START DATA LISTING
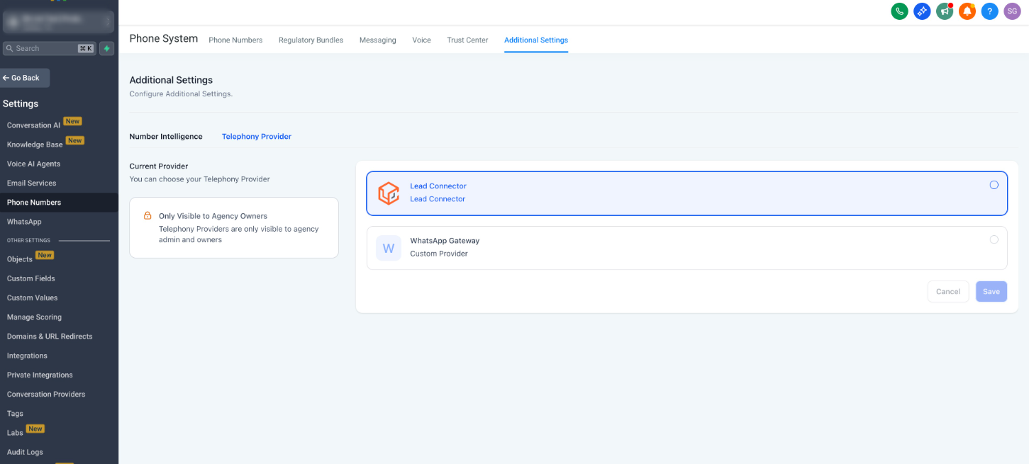 - Additional Settings- Advanced features like number intelligence and telephony provider setup
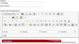 - Texto del Encabezado: Sale separado del texto central, es decir, se muestra en la parte superior del área de la nueva página y sirve, por ejemplo, para colocar un pequeño comentario sobre lo que a continuación se va a leer (No es imprescindible). Típicamente se coloca una imagen tipo cintillo en la cual se identifica el contenido de dicha página. Puede editar una página ya existente para que observar cómo se manejaron estos detalles en la misma.
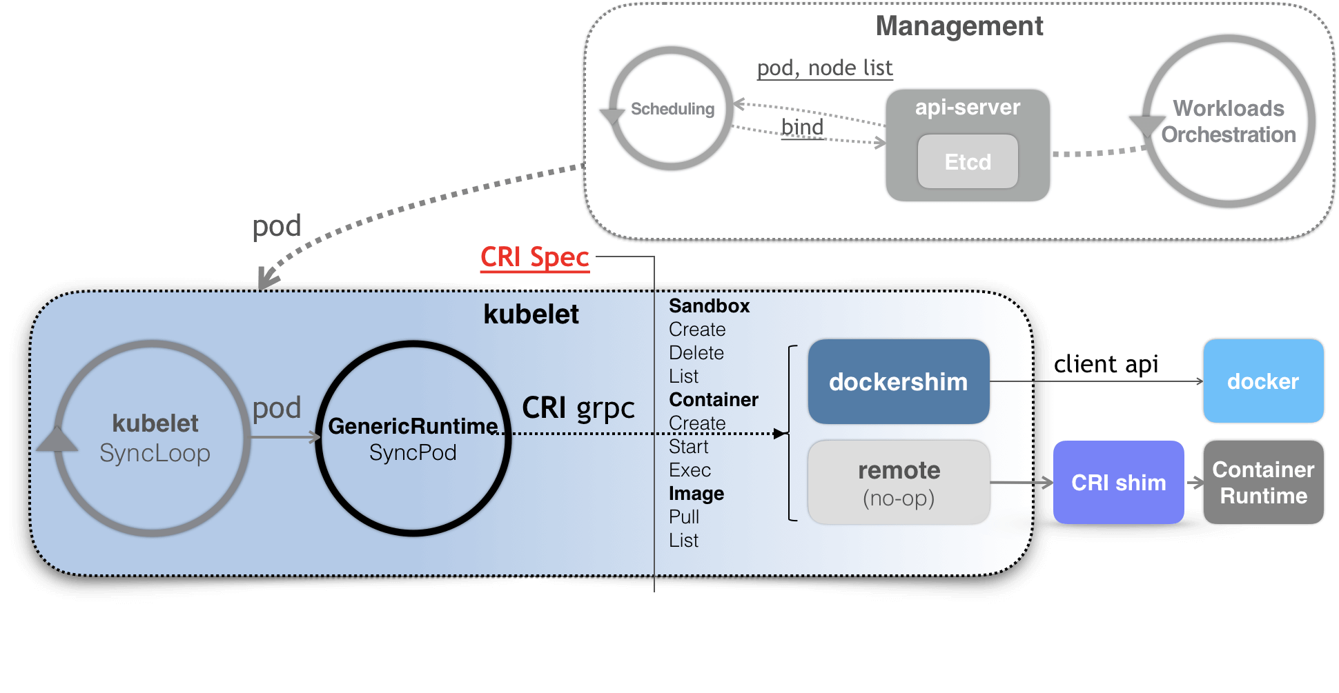 可以看到,当 Kubernetes 通过编排能力创建了一个 Pod 之后,调度器会为这个 Pod 选择一个具体的节点来运行。这时候,kubelet 当然就会通过前面讲解过的 SyncLoop 来判断需要执行的具体操作,比如创建一个Pod。那么此时,kubelet 实际上就会调用一个叫作 GenericRuntime 的通用组件来发起创建 Pod 的 CRI 请求。
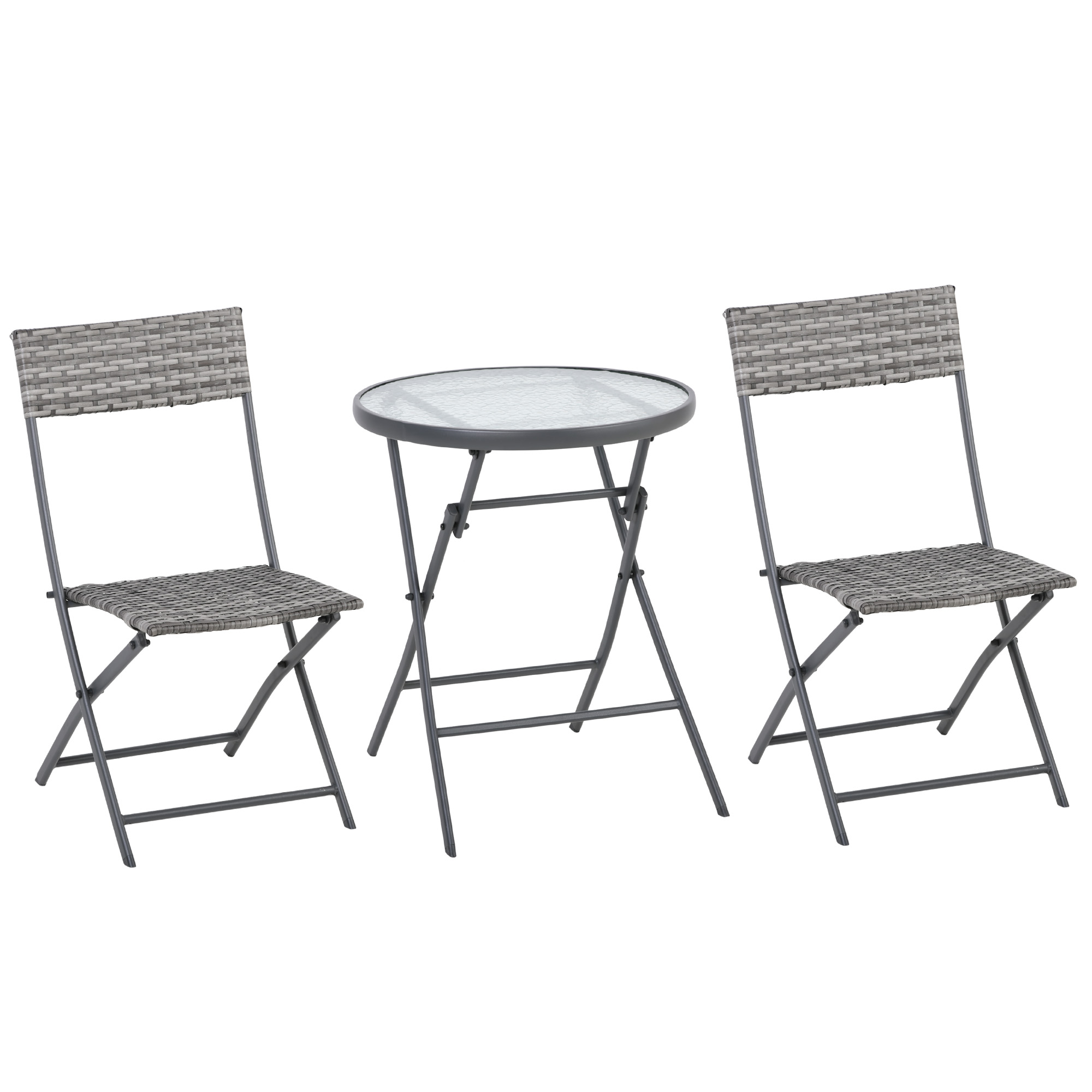 Outsunny’s lovely bistro set brings your home decor a delightful upgrade. This foldable option not only provides compact convenience but also features a stunning woven look that instantly upgrades any existing decor. Made of steel frame and durable PE rattan wicker. Round table with tempered glass tabletop allows easy cleaning with a damp cloth, this set offers reliable durability that naturally withstands most weather conditions. Let this bistro set brings you a happy leisure time.
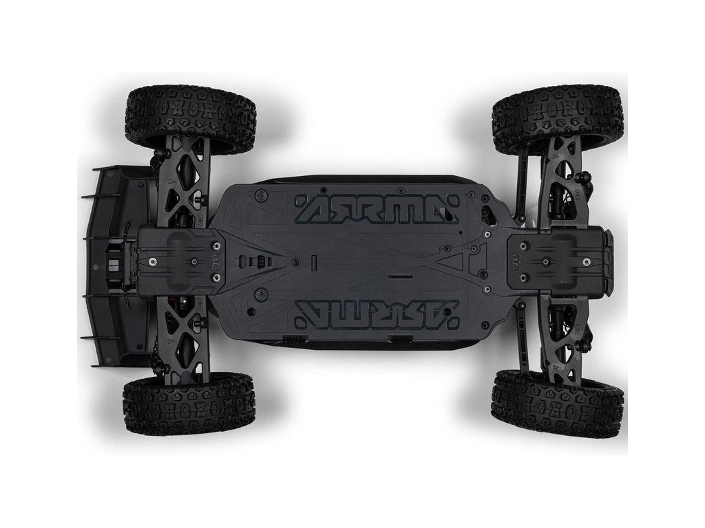 Karoserie je hotová nabarvená a využívá bezsponkový systém upevnění na šasi pro snadnou výměnu akumulátoru a přístup k elektronice. Model je vybaven kvalitní řídicí jednotkou Spektrum 2v1 s integrovaným regulátorem a přijímačem. Na jednotce lze snadno nastavit typ akumulátoru pomocí zkratovací propojky. Jednotka dále obsahuje port pro možnost zapojení externího přijímače. Velký motor 665 nově obsahuje hliníkový chladič s 35 mm ventilátorem pro udržení vhodné provozní teploty za všech okolností. Stačí doplnit akumulátor a nabíječku (prodávají se samostatně), poté můžete vyrazit se svým ARRMA TYPHON MEGA 665 4x4 na zahradu, do terénu nebo na nízkou trávu a užít si jízdu.
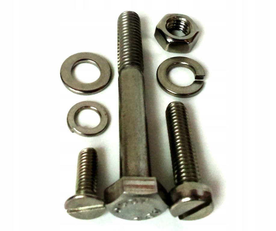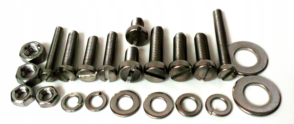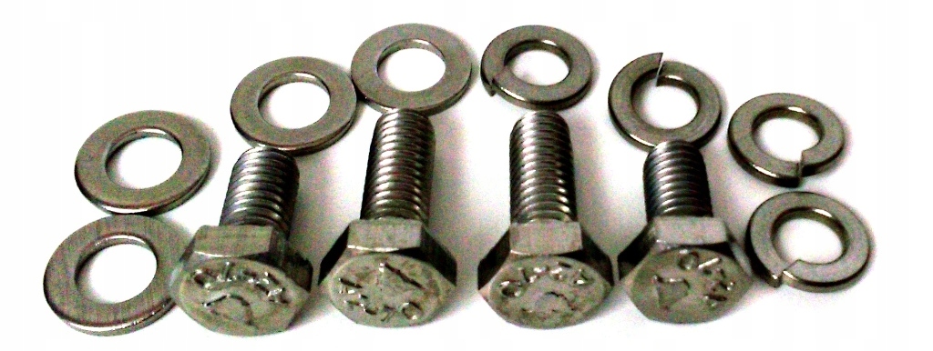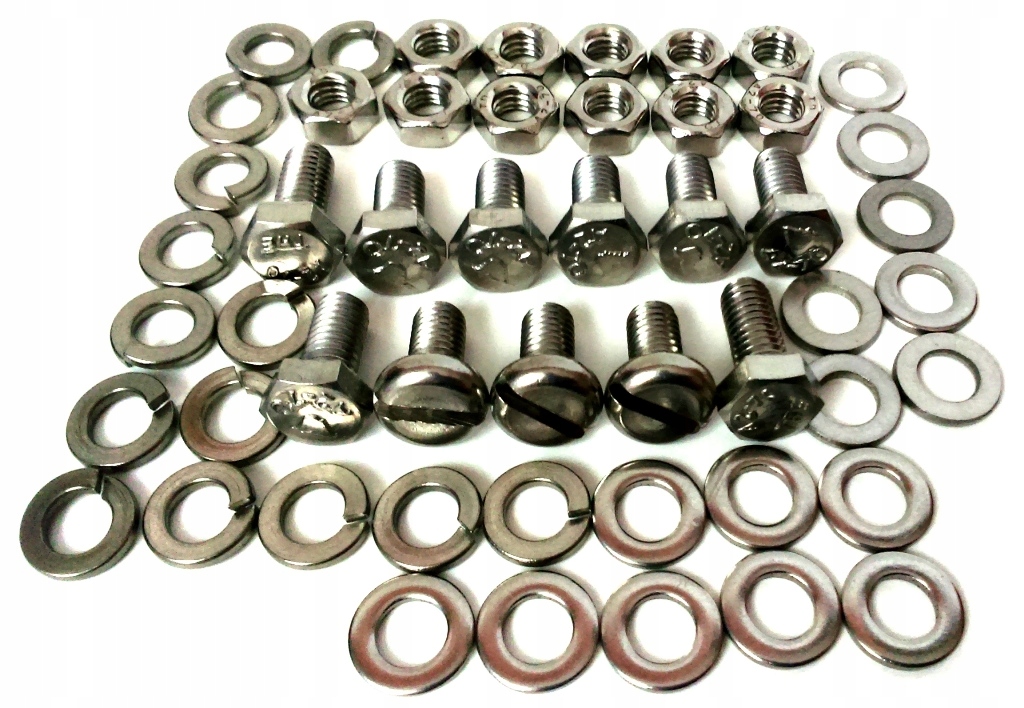 Комплект состоит из хромоникелевых элементов из нержавеющей стали, выполненных класса А2 70. В комплект входят разделенные винты, винты, гайки и шайбы. на 10 отдельно упакованных групп, что обеспечивает беспроблемную сборку отдельных компонентов мопеда. Дополнительно в группу РУЛЕВ добавлены два винта М10 из мелкой стали с оцинкованным покрытием класса 10,9. В группе КОЛЕСА в комплект входят винты, гайки и шайбы для крепления звездочки заднего колеса. Добавленные стальные винты М7 оцинкованы до класса 8,8.
END DATA LISTING
> **BRIEF**: Repeat the data in full, exactly as it stands, but drop every picture.

> **YOUR SOLUTION**:
 - Additional Settings- Advanced features like number intelligence and telephony provider setup
 - Texto del Encabezado: Sale separado del texto central, es decir, se muestra en la parte superior del área de la nueva página y sirve, por ejemplo, para colocar un pequeño comentario sobre lo que a continuación se va a leer (No es imprescindible). Típicamente se coloca una imagen tipo cintillo en la cual se identifica el contenido de dicha página. Puede editar una página ya existente para que observar cómo se manejaron estos detalles en la misma.
 可以看到,当 Kubernetes 通过编排能力创建了一个 Pod 之后,调度器会为这个 Pod 选择一个具体的节点来运行。这时候,kubelet 当然就会通过前面讲解过的 SyncLoop 来判断需要执行的具体操作,比如创建一个Pod。那么此时,kubelet 实际上就会调用一个叫作 GenericRuntime 的通用组件来发起创建 Pod 的 CRI 请求。
 Outsunny’s lovely bistro set brings your home decor a delightful upgrade. This foldable option not only provides compact convenience but also features a stunning woven look that instantly upgrades any existing decor. Made of steel frame and durable PE rattan wicker. Round table with tempered glass tabletop allows easy cleaning with a damp cloth, this set offers reliable durability that naturally withstands most weather conditions. Let this bistro set brings you a happy leisure time.
 Karoserie je hotová nabarvená a využívá bezsponkový systém upevnění na šasi pro snadnou výměnu akumulátoru a přístup k elektronice. Model je vybaven kvalitní řídicí jednotkou Spektrum 2v1 s integrovaným regulátorem a přijímačem. Na jednotce lze snadno nastavit typ akumulátoru pomocí zkratovací propojky. Jednotka dále obsahuje port pro možnost zapojení externího přijímače. Velký motor 665 nově obsahuje hliníkový chladič s 35 mm ventilátorem pro udržení vhodné provozní teploty za všech okolností. Stačí doplnit akumulátor a nabíječku (prodávají se samostatně), poté můžete vyrazit se svým ARRMA TYPHON MEGA 665 4x4 na zahradu, do terénu nebo na nízkou trávu a užít si jízdu.
 Комплект состоит из хромоникелевых элементов из нержавеющей стали, выполненных класса А2 70. В комплект входят разделенные винты, винты, гайки и шайбы. на 10 отдельно упакованных групп, что обеспечивает беспроблемную сборку отдельных компонентов мопеда. Дополнительно в группу РУЛЕВ добавлены два винта М10 из мелкой стали с оцинкованным покрытием класса 10,9. В группе КОЛЕСА в комплект входят винты, гайки и шайбы для крепления звездочки заднего колеса. Добавленные стальные винты М7 оцинкованы до класса 8,8.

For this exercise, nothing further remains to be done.